Para os amigos Lester recomendou a faixa West Coast Blues , retirada do álbum Lembrando Wes Montgomery, gravado em 2003 e lançado pela Philology em 2004. Com mestre Irio estão Riccardo Ballerini (org), Francesco Lo Cascio (vib) e Pietro Iodice (d). E Mr. Lester deu a entender que nosso amigo Loronix anda preparando algo sobre Irio para publicação lá em seu blog.
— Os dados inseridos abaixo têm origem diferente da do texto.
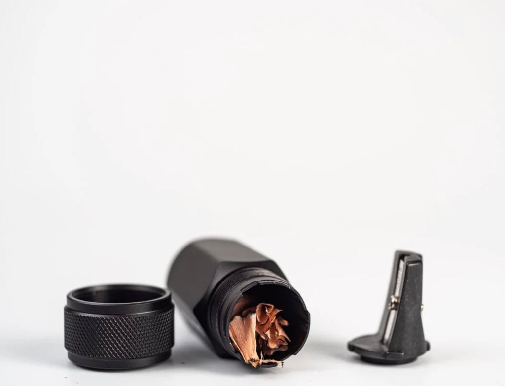 The body is made of durable machined aluminum and the sharpening unit features a German steel blade. The canister can hold three fresh sharpens before needing to be emptied.

Já era hora, não era?

07/07/2008

Steel Ukulele

Mal entrava no escritório mofado de vovô Acácio quando pude ouvir o final de seu resmungo: “a dose é que faz o veneno”. Antes que pudesse perquiri-lo sobre a famosa máxima, esclareceu-me que era de Paracelso, um médico corcunda que escrevia seus tratados científicos em forma poética, o que evitava problemas com a Inquisição uma vez que o texto poético admite uma infinidade de interpretações, o que facilitava, em casos de necessidade, encontrar uma que se adequasse aos anseios da Igreja ou do Papa, escapulindo assim o estranho doutor da excomunhão ou da fogueira. Enquanto falava, vovô limpava cuidadosamente seu steel ukulele, uma espécie estranha de cavaquinho que ele inventou em New Orleans, mas cuja patente foi adquirida por um saxofonista judeu que abandonou a música para se dedicar à bolsa de valores. Vovô explicou que steel guitar é expressão que se refere antes a um método que um instrumento específico: a guitarra é tocada na horizontal, por exemplo, deitando-se o violão sobre os joelhos, e com o auxílio de uma peça de aço (steel) que substitui o dedilhado. Diz a lenda que a coisa começou no Havaí, por volta de 1900. Mas adverte: não se deve confundir a steel guitar com a guitarra havaiana, esta última constituindo-se de uma guitarra comum, tocada com os dedos e na posição tradicional ou espanhola, só que com as cordas afrouxadas. Nem tampouco se deve confundir a steel guitar com a bottleneck guitar, tocada na posição tradicional com o auxílio de um gargalo de garrafa, muito comum entre os guitarristas de blues. Com o tempo a steel guitar foi tomando forma cada vez mais distinta da guitarra tradicional, até que perde o corpo com a eletrificação, sobrando apenas o braço e, em alguns casos mais extremos, fica com dois braços. Assustei-me quando, quebrando na parede uma garrafa já vazia de Jack Daniels, vovô pegou o gargalo e começou a improvisar sobre o tema de Indiana com seu estranho cavaquinho, acompanhando Buddie Emmons, exímio intérprete da steel guitar. Lembro que o álbum era Steel Guitar Jazz, gravado em 1963, com Jerome Richardson (ss, ts), Bobby Scott (p), Art Davis (b) e Charlie Persip (d). ( ) Embora não tenha sido o primeiro nem o único a ter feito jazz com a steel guitar, sem dúvida Buddie é o responsável pelo primeiro álbum totalmente dedicado ao instrumento, álbum aliás excelente. Entre as faixas vale ressaltar Oleo, de Sonny Rollins, que, segundo se comenta, não virá a Vitória no Tim 2008.